A formula of the form Surv(time, status) ~ loc_vars | scale_vars. Left of | specifies location (mu) covariates, right specifies scale (gamma) covariates. If no | is present, all covariates enter the location model and scale has intercept only.

data

A data frame.

dist

Character string specifying the error distribution: "weibull" (default), "logistic", "normal", "cauchy", or "gamma".

theta

Integer, order of the theta polynomial linking log(sigma) to mu. 0 = no coupling (default), 1 = linear in mu, 2 = quadratic, etc.

theta_vars

A one-sided formula specifying which location covariates form mu* (the mu that feeds into the theta polynomial for sigma). Default NULL means all location covariates.

nu

Numeric, shape parameter for the gamma distribution (only used when dist = "gamma").

init

Numeric vector of initial parameter values, or NULL for zeros.

control

A list of control parameters. See Details.

adjust

Logical, whether to center covariates (default TRUE).

backend

Character, which computation backend to use: "c" (default) or "rust".

Value

An object of class "vldaft".

Details

The model assumes $$\log(T) = \mu + \sigma \cdot \varepsilon$$ where the location is a linear function of covariates, $$\mu = \beta_0 + \beta_1 x_1 + \cdots + \beta_p x_p$$ and the log-dispersion can depend on covariates and on the location: $$\log(\sigma) = \gamma_0 + \gamma_1 z_1 + \cdots + \gamma_q z_q + \theta_1 \mu^{*} + \theta_2 \mu^{*2} + \cdots$$ Here \(\mu^{*} = \mu - \bar{\mu}\) is the centered location. When \(\theta_1 = 0\), this reduces to the standard linear location AFT model with proportional hazards under a Weibull distribution.

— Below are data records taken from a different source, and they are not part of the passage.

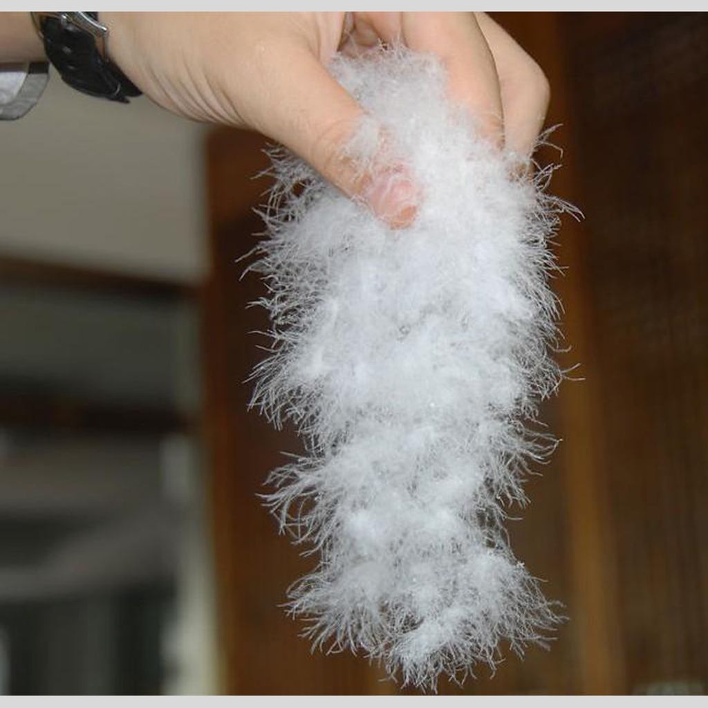 New developed of cloud velvet fibre 0.5D have more fluffy and more recover than normal fibre . The Cloud velvet fibre makes a new breakthrough between down and polyester fibre . It have European OKO certificate and SGS test report . Cloud Velvet fibre is 0.5D x25mm, this is the smallest fibre in China . The special fibre structure makes products more fluffy and memory
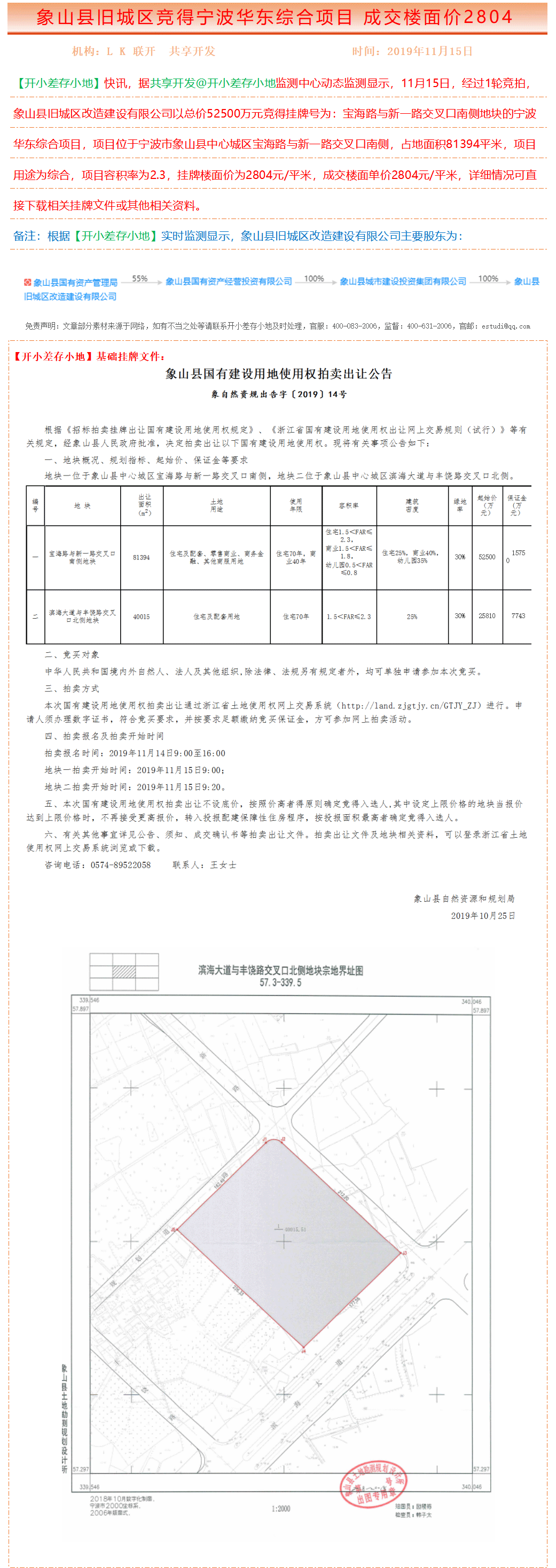| 挂牌楼面单价 | 2804 | 成交楼面单价 | 2804 | 挂牌成交单位 | 象山县旧城区改造建设有限公司 | ||
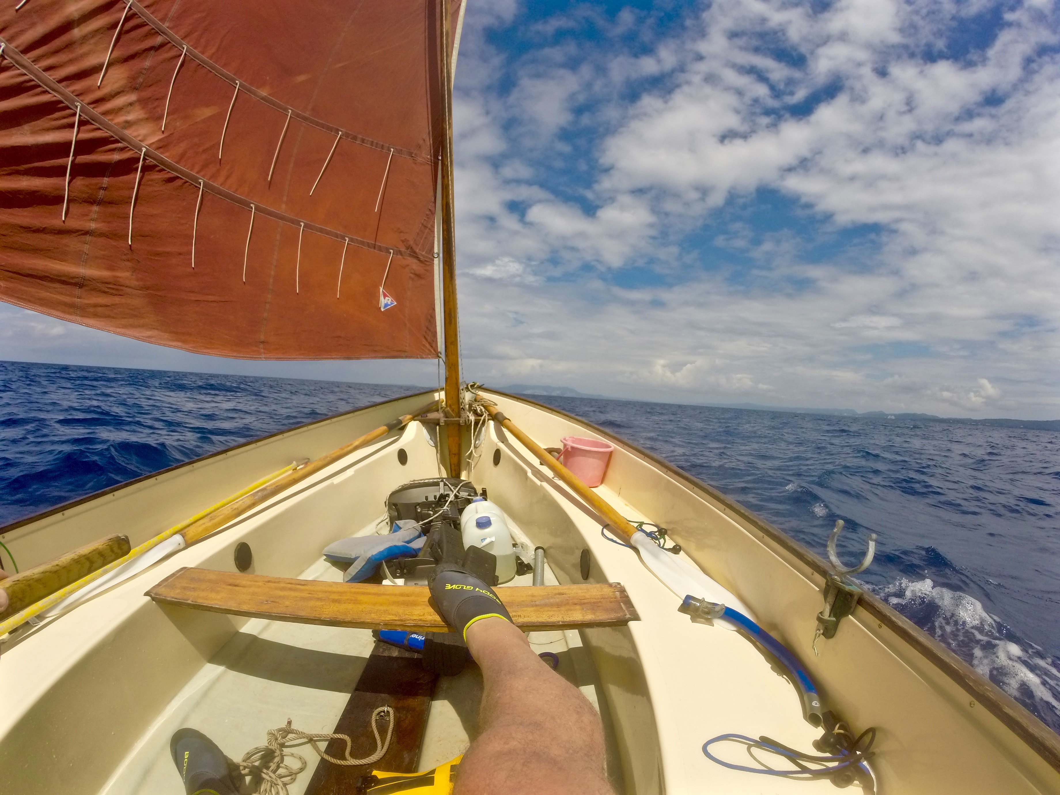 I sail the mighty Scaffie up the coast. As usual, this starts as a little excursion to potter around the lagoon some and then come home. However, happiness in high concentration breaks through and I keep going. I race past Cape Maeda and set off for Motobu. The wind is fresh, which the Scaffie likes. She is a strong person and is at her best when there is a little bit of a challenge.

The error distribution \(F\) can be Weibull (extreme value), logistic, normal, Cauchy, or gamma.

Control parameters:

acc

Convergence accuracy (default 0.0001)

maxiter

Maximum Newton-Raphson iterations (default 50)

maxhalv

Maximum step halvings (default 20)

References

Anderson, K.M. (1991). A nonproportional hazards Weibull accelerated failure time regression model. Biometrics, 47, 281-288.